Beliau bersabda; kembalilah bersama keluargamu dan tinggallah bersama mereka,
ajarilah mereka dan suruhlah mereka. Beliau menyebutkan hal-hal yang saya hapal
dan yang saya tidak hapal.

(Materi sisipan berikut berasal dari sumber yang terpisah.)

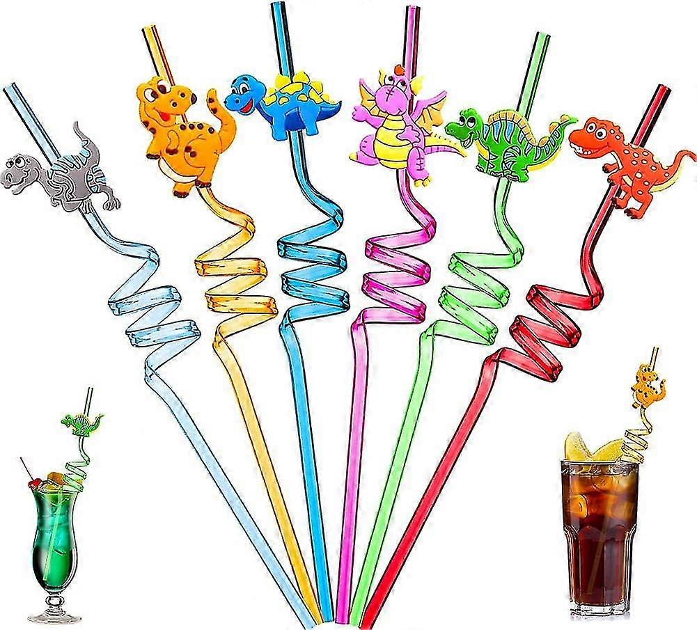 16 Pcs Acsergery Gift Novelty Dinosaur Drinking Straws, Reusable Plastic Novelty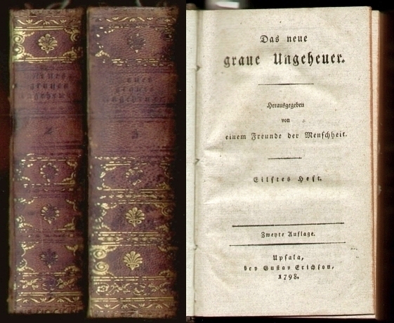 [Rebmann, Andreas Georg Friedrich] - Anonym: Das neue graue Ungeheuer. Von einem Freunde der Menschheit. Heft 7-15 (von 18) in 2 Bänden. Upsala, Bagdad (Erichson) u.a. - fingiert für Altona u.a. 1796-99. Marmorierte Halbleder-Bände d.Zt. mit RVerg., Rotschnitt (RSchildchen entfernt, Rückenvergoldung teils oxydiert bzw. abgegriffen; stellenweise etw. gebräunt). - Gutes, überwiegend sauberes Exemplar

Dan salatlah sebagaimana kalian melihat aku salat.
(al-Bukhari, I: 226)
6. Metode eksperimen
Suatu cara mengajar dengan menyuruh murid melakukan suatu
percobaan, dan setiap proses dan hasil percobaan itu diamati oleh setiap
murid, sedangkan guru memperhatikan yang
dilakukan oleh murid sambil memberikan arahan.
Prinsip dasar metode
ini ada dalam hadits :
حَدَّثَنَا آدَمُ
قَالَ حَدَّثَنَا شُعْبَةُ حَدَّثَنَا الْحَكَمُ عَنْ ذَرٍّ عَنْ سَعِيدِ بْنِ
عَبْدِ الرَّحْمَنِ بْنِ أَبْزَى عَنْ أَبِيهِ قَالَ جَاءَ رَجُلٌ إِلَى عُمَرَ
بْنِ الْخَطَّابِ فَقَالَ إِنِّي أَجْنَبْتُ فَلَمْ أُصِبْ الْمَاءَ فَقَالَ
عَمَّارُ بْنُ يَاسِرٍ لِعُمَرَ بْنِ الْخَطَّابِ أَمَا تَذْكُرُ أَنَّا كُنَّا
فِي سَفَرٍ أَنَا وَأَنْتَ فَأَمَّا أَنْتَ فَلَمْ تُصَلِّ وَأَمَّا أَنَا
فَتَمَعَّكْتُ فَصَلَّيْتُ فَذَكَرْتُ لِلنَّبِيِّ صَلَّى اللَّهُ عَلَيْهِ
وَسَلَّمَ فَقَالَ النَّبِيُّ صَلَّى اللَّهُ عَلَيْهِ وَسَلَّمَ إِنَّمَا كَانَ
يَكْفِيكَ هَكَذَا فَضَرَبَ النَّبِيُّ صَلَّى اللَّهُ عَلَيْهِ وَسَلَّمَ
بِكَفَّيْهِ الْأَرْضَ وَنَفَخَ فِيهِمَا ثُمَّ مَسَحَ بِهِمَا وَجْهَهُ ….
Artinya: Hadis Adam,
katanya hadis Syu’bah ibn Abdurrahmân ibn Abzâ dari ayahnya, katanya seorang
laki-laki datang kepada Umar ibn Khattâb, maka katanya saya sedang janabat dan
tidak menemukan air, kata Ammar ibn Yasir kepada Umar ibn Khattâb, tidakkah anda
ingat ketika saya dan anda dalam sebuah perjalanan, ketika itu anda belum
salat, sedangkan saya berguling-guling di tanah, kemudian saya salat. Saya
menceritakannya kepada Rasul saw. kemudian Rasulullah saw. bersabda:
”Sebenarnya anda cukup begini”. Rasul memukulkan kedua telapak tangannya ke
tanah dan meniupnya kemudian mengusapkan keduanya pada wajah.(al-Bukhari, I:
129)
Hadis di atas
tergolong syarîf marfu’ dengan kualitas perawi yang sebagian tergolong şiqah
dan şiqah hafiz, şiqah şubut. Menurut al-Asqalani, hadis ini mengajarkan
sahabat tentang tata cara tayammum dengan perbuatan. (Al-Asqalani, I: 444)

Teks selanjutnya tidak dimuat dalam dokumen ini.